:: Dataset extract ::
┄┄┄┄┄┄
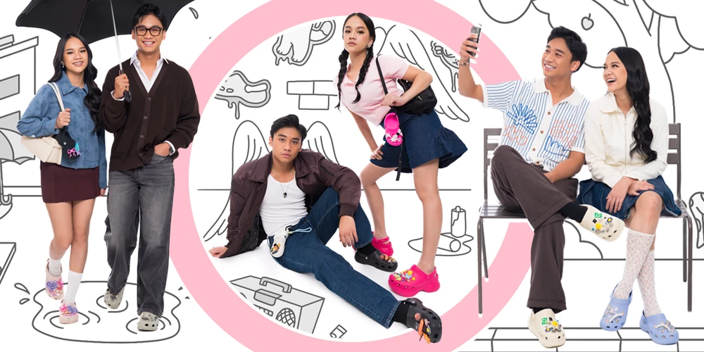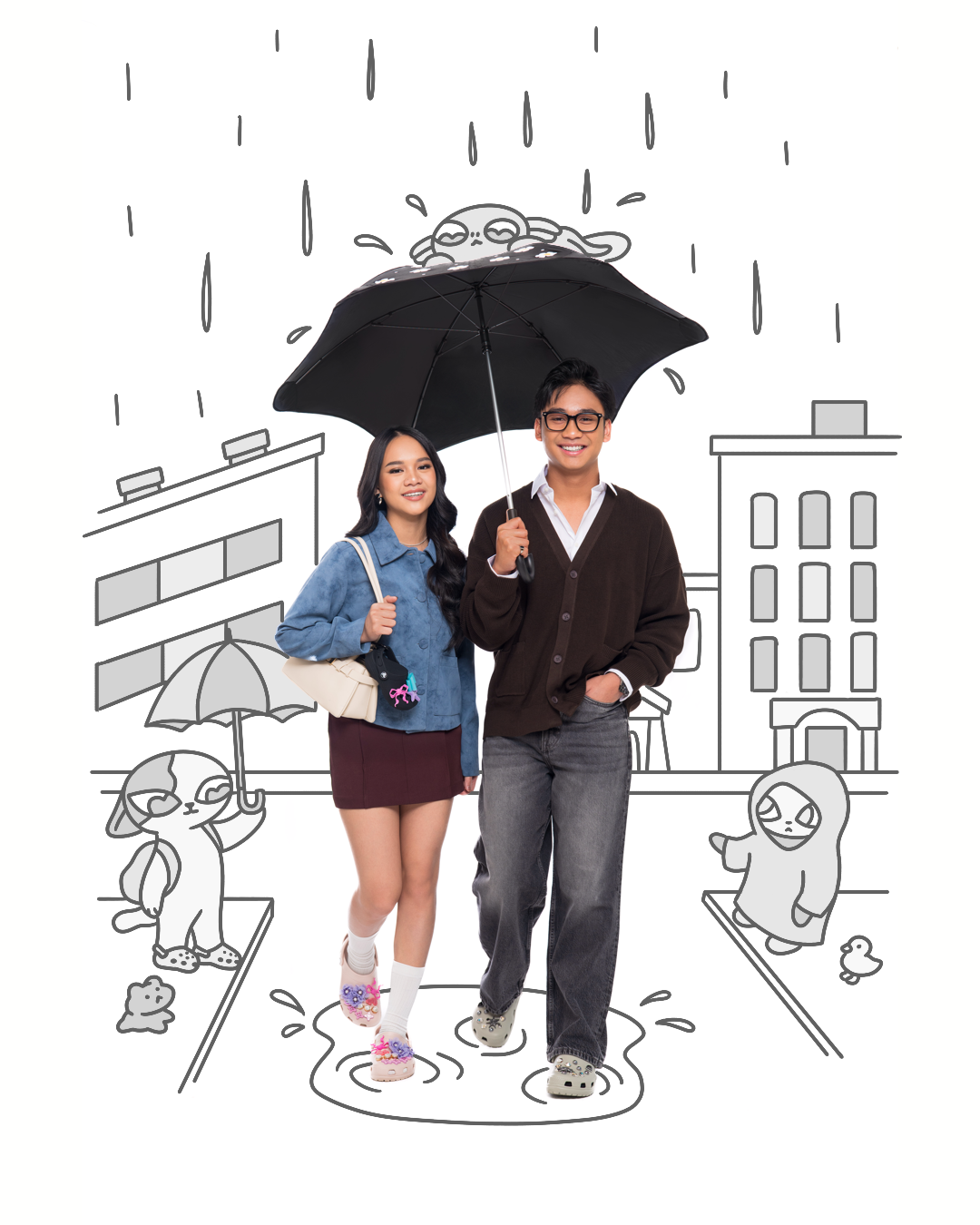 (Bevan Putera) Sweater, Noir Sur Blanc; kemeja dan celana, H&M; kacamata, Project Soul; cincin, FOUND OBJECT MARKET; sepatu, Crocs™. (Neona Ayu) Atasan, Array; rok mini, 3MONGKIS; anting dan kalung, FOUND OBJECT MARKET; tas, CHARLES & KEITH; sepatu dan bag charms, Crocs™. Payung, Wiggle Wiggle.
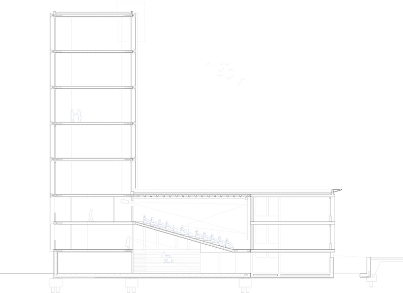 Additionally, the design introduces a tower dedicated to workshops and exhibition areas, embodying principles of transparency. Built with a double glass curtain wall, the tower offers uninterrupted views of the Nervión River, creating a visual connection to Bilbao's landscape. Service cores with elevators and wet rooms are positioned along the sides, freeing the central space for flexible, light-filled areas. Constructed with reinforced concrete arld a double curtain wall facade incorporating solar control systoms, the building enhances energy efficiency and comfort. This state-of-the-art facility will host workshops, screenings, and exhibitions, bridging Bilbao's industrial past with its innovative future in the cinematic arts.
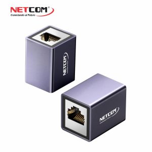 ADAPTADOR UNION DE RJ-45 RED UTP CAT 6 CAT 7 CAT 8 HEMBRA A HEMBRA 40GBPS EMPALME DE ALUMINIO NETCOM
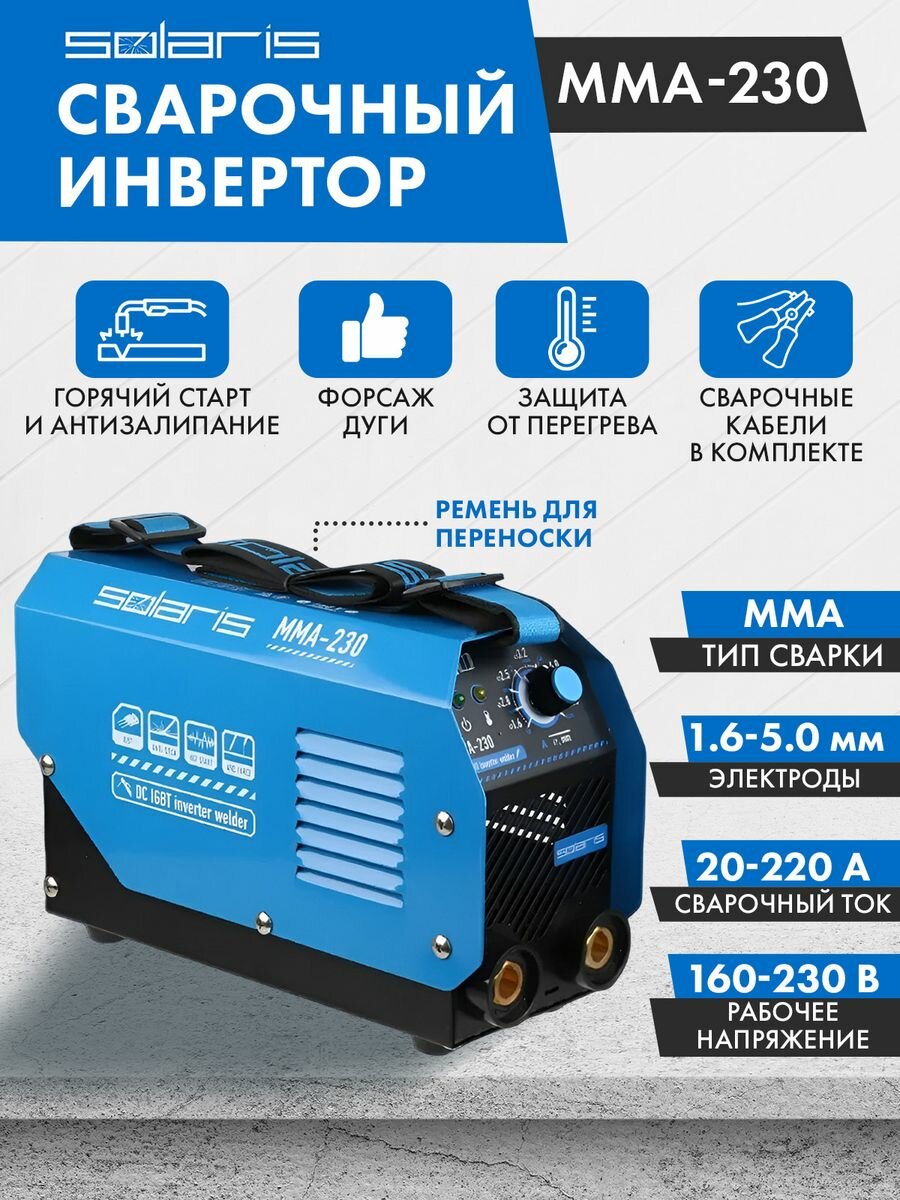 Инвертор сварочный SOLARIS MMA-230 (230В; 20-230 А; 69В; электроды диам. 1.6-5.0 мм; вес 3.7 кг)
┄┄┄┄┄┄
:: Task objective ::
Leave out the pictures and return the listing exactly.

:: Task output ::
 (Bevan Putera) Sweater, Noir Sur Blanc; kemeja dan celana, H&M; kacamata, Project Soul; cincin, FOUND OBJECT MARKET; sepatu, Crocs™. (Neona Ayu) Atasan, Array; rok mini, 3MONGKIS; anting dan kalung, FOUND OBJECT MARKET; tas, CHARLES & KEITH; sepatu dan bag charms, Crocs™. Payung, Wiggle Wiggle.
 Additionally, the design introduces a tower dedicated to workshops and exhibition areas, embodying principles of transparency. Built with a double glass curtain wall, the tower offers uninterrupted views of the Nervión River, creating a visual connection to Bilbao's landscape. Service cores with elevators and wet rooms are positioned along the sides, freeing the central space for flexible, light-filled areas. Constructed with reinforced concrete arld a double curtain wall facade incorporating solar control systoms, the building enhances energy efficiency and comfort. This state-of-the-art facility will host workshops, screenings, and exhibitions, bridging Bilbao's industrial past with its innovative future in the cinematic arts.
 ADAPTADOR UNION DE RJ-45 RED UTP CAT 6 CAT 7 CAT 8 HEMBRA A HEMBRA 40GBPS EMPALME DE ALUMINIO NETCOM
 Инвертор сварочный SOLARIS MMA-230 (230В; 20-230 А; 69В; электроды диам. 1.6-5.0 мм; вес 3.7 кг)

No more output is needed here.